Since I work in the Disneyland for Catholics (Notre Dame), I see all kinds of different Catholics around campus or attending school. I see people who’ve grown up knowing they would go to Notre Dame. I’ve noticed people who just come to Notre Dame to bask in the light of the dome. The diversity is mind-blowing and I truly love it.
I’ve been a “revert” for two and half years. Never once have I regretted leaving behind a sixteen year ministry career and entering the Catholic Church. I’m at home with my family after long years in exile. But there is something that I’ve noticed that bothers me.
That is, there’s an underlying tension between Cradles (people who have been Catholics since birth), reverts (people who’ve come back into the church after a long hiatus, like me and Jess), and converts (people who’ve had no affiliation with the church before). At the risk oversimplifying, I’m going to group reverts/converts together because I believe they have similar concerns.
Because I’m a revert, I can only tell the story from my perspective. I want Cradles to know a few things about those of us who’ve come over into the church later in life. I don’t say these things to condemn, but to open up a dialogue. By no means do I think I’m the first and last word on this conversation. Far from it.
So, here are the three things I want Cradles to know.
We Paid a Price to be Here– This is probably the biggest blind spot that Cradles have about converts/reverts. Believe it or not, snide attitudes about Catholics still exist. Sure, no one will probably deny us a job anymore or drive us out of town. Instead, it’s become a passive-aggressive sort of attitude towards Catholics, such as snide remarks about being cannibals or that we worship Mary.
Many of us have converted against the advice of family and friends. We’ve heard dire warnings about turning our back on God’s word, putting ourselves under the slavery of the Pope/Bishops, and that we don’t believe in Grace alone anymore (neither does the Bible, frankly).
For some of us, that has cost us dearly in our relationships. While we may not entirely lose those connections, there are strains and and some friendships are not the same.
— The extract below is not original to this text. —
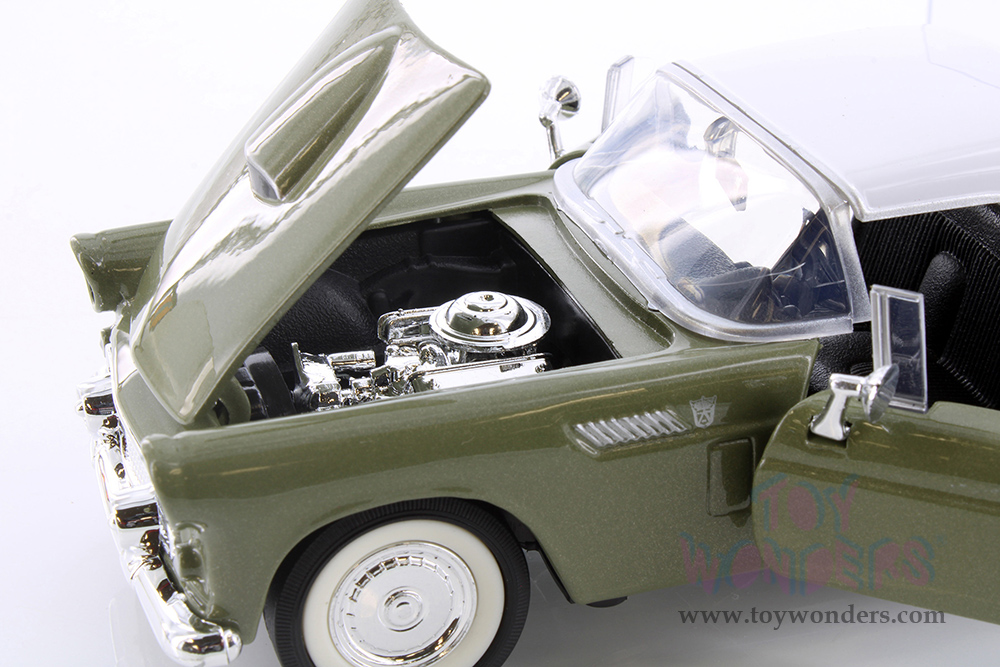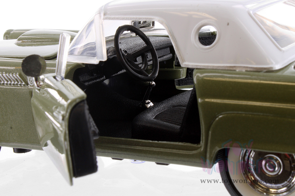 77312GN Showcasts® Collectibles - 1956 Ford Thunderbird Closed Convertible. 1:24 scale diecast collectible model car. This Ford Thunderbird measures 7.25"L x 3"W x 2"H diecast classic car with openable doors, hood, trunk, steerable front wheels. 77312GN is in green with white roof. Individually packed in a window box. Box size: 9.75"Lx 4.5"Wx 4"H.

That takes a deep emotional toll on many of us.And, for others, we gave up our careers to be here. I’ve written in numerous places about giving up ministry. But it wasn’t high profile like some other converts/reverts I know. Try finding work when all you’ve ever known is Protestant ministry work. It’s not so easy.
We’re Excited and That’s Okay. Really, we are. For many of us, it’s the answer to a series of long standing questions and the destination of a journey that’s been years in the making. That doesn’t mean we stop our journey or stop asking questions. But we finally feel that we’re part of something bigger, something transcendent, and something ancient. Why would we not want to talk about that every chance we get?
Look, I get it. We’re like a puppy peeing on the rug out of excitement. We make messes and they can be embarrassing. But just like that puppy peeing, we feel sheer joy at taking the Eucharist and being a part of this family.
It’s Our Church Too– Too many times, I’ve been among a group of Cradles who make snide remarks about someone who has converted and talks about it all the time. I heard someone once say, “They need to take some time off and be quiet about it. Come back in five to ten years.”
I can’t even tell you how odious I find this attitude. To be blunt, it’s the attitude of the older brother in the story of the Prodigal Son. Most converts/reverts have studied a lot about the church either through our own work or going through a year of RICA. While it’s true we have a lot to learn, all of us have something to bring into the church. Again, it’s true, we make mistakes about not knowing the right terminology or the right way to say things. Be patient with us, we’ll learn.
But also realize that God has brought us here for a reason. There are valuable gifts, insights and wisdom that we can bring with us as you teach us yours. Again, much of it bought with blood. That is no small thing.
No doubt Cradles will have much to say on their behalf. I hope so. The beauty of being a Catholic is how diverse we are and yet we are unified under the Eucharist. No matter where we go, what parish we attend or what nationality, the Eucharist is the same. We need to figure out how to live in that unity with humility, respect, communication and trust. Without it, we will find our different Charisms splitting apart and we will find ourselves divided.
Trust us converts/reverts. We’ve seen it happen.